Data:
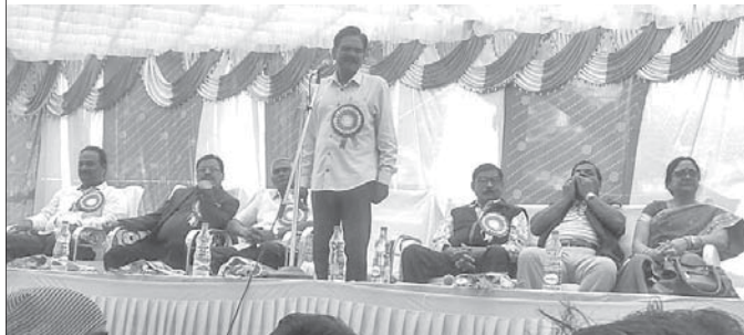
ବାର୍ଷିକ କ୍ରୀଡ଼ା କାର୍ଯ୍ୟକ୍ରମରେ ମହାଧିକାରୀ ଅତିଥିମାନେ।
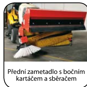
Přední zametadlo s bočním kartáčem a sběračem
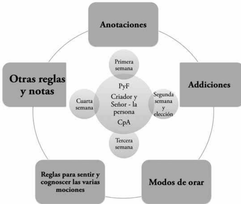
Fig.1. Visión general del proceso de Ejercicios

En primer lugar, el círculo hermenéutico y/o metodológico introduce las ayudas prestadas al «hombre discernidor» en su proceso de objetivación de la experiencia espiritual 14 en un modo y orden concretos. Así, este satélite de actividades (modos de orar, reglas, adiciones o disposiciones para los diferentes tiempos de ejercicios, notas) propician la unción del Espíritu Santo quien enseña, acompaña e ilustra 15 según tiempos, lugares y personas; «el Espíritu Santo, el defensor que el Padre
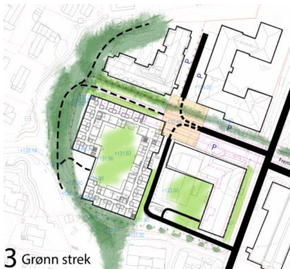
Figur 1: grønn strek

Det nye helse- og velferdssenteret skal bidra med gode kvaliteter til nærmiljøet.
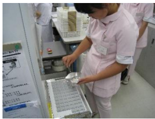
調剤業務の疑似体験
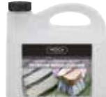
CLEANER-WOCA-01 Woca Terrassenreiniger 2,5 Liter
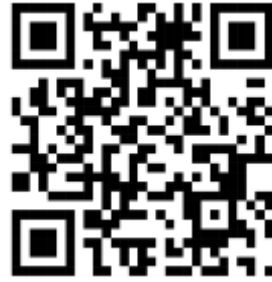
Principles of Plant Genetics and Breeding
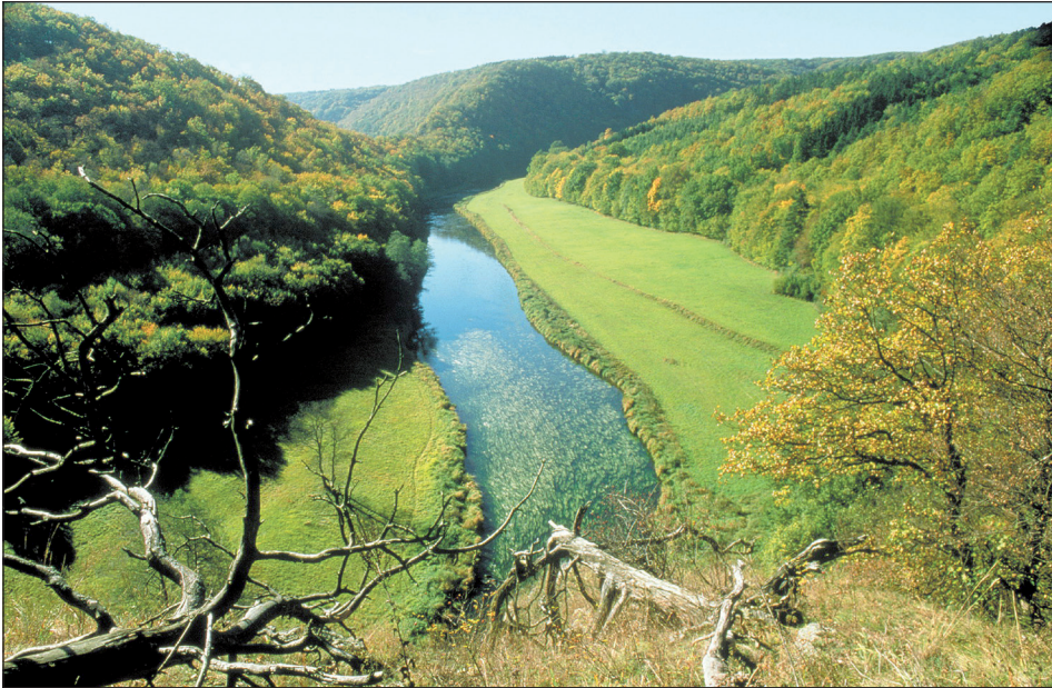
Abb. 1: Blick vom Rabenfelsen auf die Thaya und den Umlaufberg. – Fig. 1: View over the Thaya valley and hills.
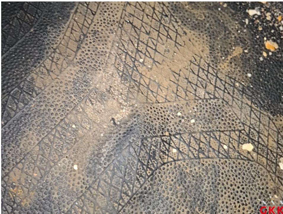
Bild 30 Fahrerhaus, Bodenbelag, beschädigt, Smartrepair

Task to complete:
Beginning with the line where "Principles of Plant Genetics and Breeding" appears, transcribe the records above word for word through their last line, and include no pictures.

Answer to this task:
Principles of Plant Genetics and Breeding
Abb. 1: Blick vom Rabenfelsen auf die Thaya und den Umlaufberg. – Fig. 1: View over the Thaya valley and hills.
Bild 30 Fahrerhaus, Bodenbelag, beschädigt, Smartrepair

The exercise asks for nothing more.